_Work task:_ Your task is to transcribe exactly, and only, the lines running from the one with "This document serves" to the end of the listing below, inclusive, with every picture left out.

_Data segment:_
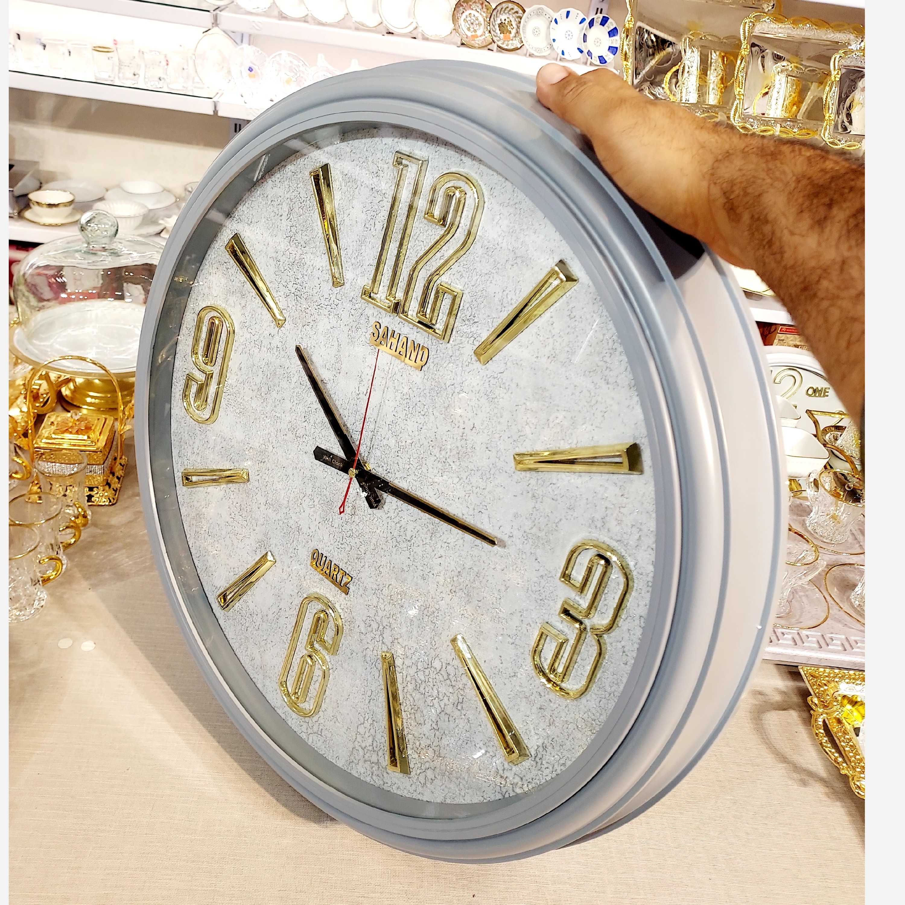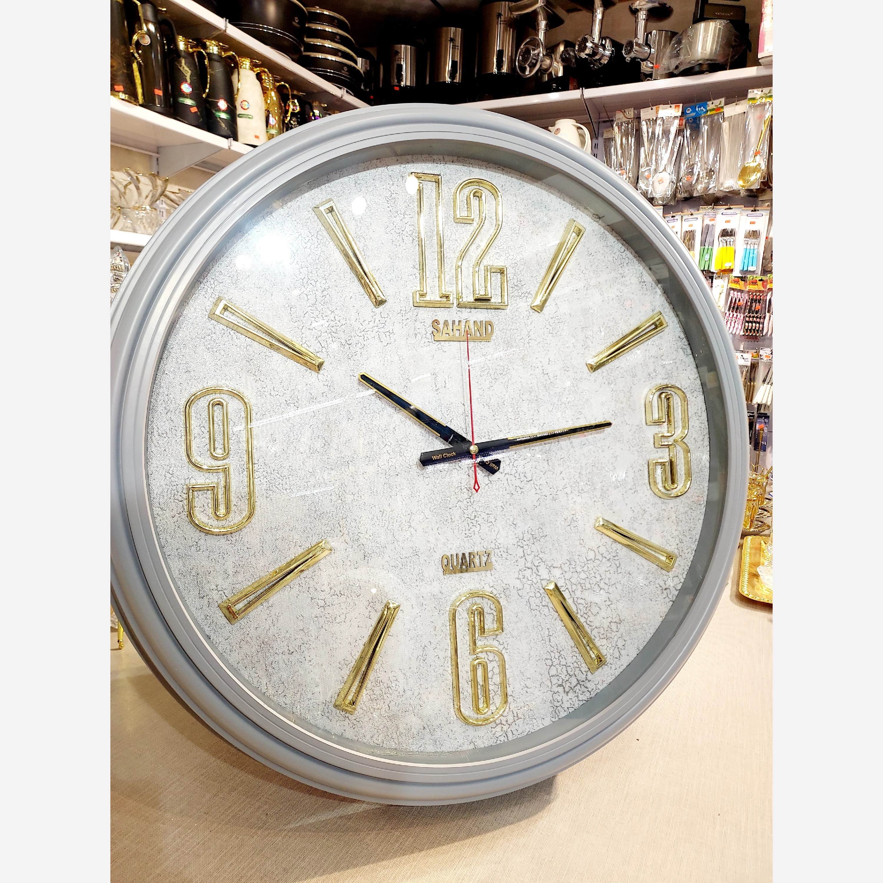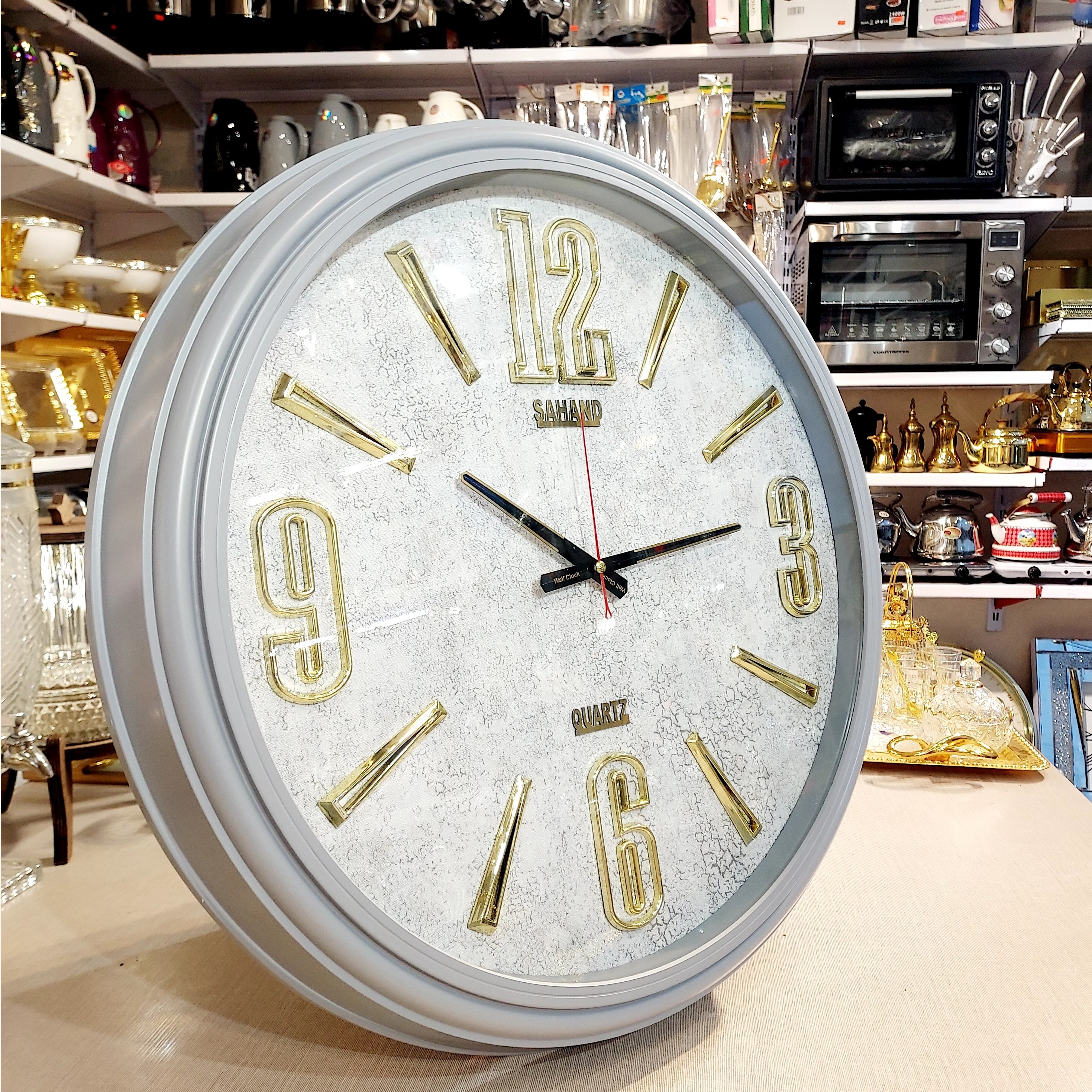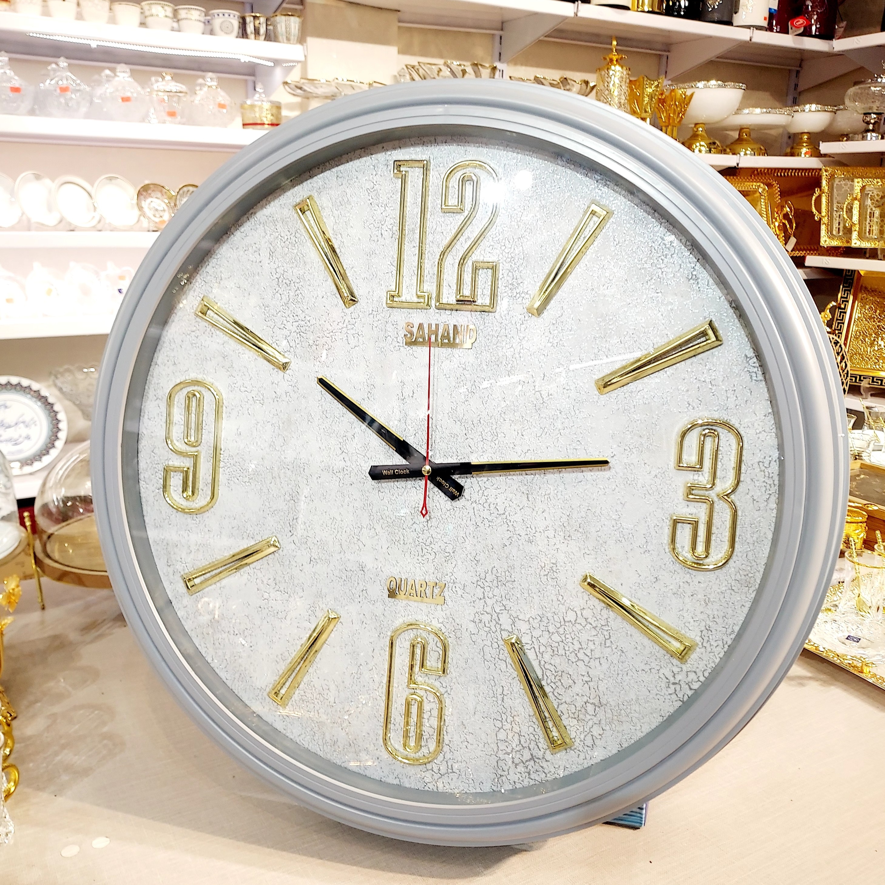 ساعت دیواری مدل سهند رنگ طوسی طلایی کیفیت بالا و درجه یک موتور قطر 65 موتور آرام گرد و بی صدا جنس بدنه پلاستیک فشرده
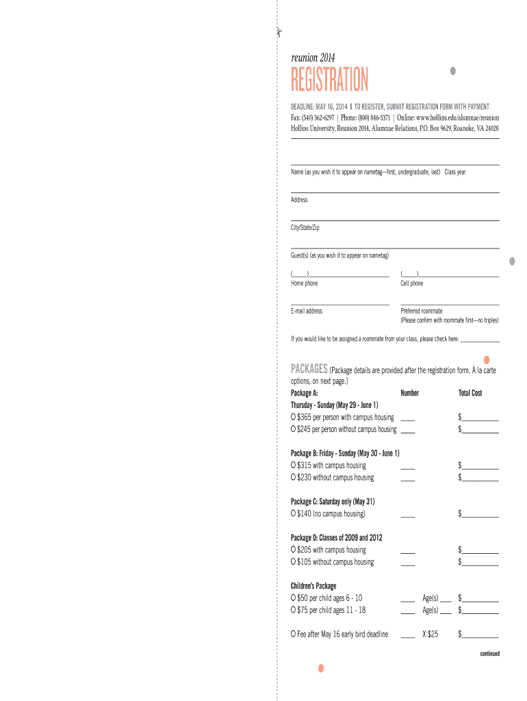 This document serves as a registration form for the Hollins University Reunion 2014, including details about events, meals, accommodations, and optional activities.
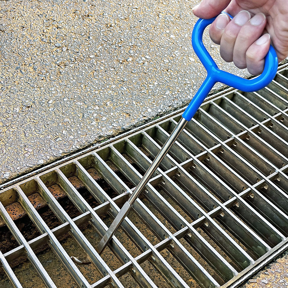 薄く平たいフックは狭く入りづらい穴でも簡単に引っ掛けることが可能。幅の広い一般幅のグレーチングにも使用が可能です。

_Completed task:_
 This document serves as a registration form for the Hollins University Reunion 2014, including details about events, meals, accommodations, and optional activities.
 薄く平たいフックは狭く入りづらい穴でも簡単に引っ掛けることが可能。幅の広い一般幅のグレーチングにも使用が可能です。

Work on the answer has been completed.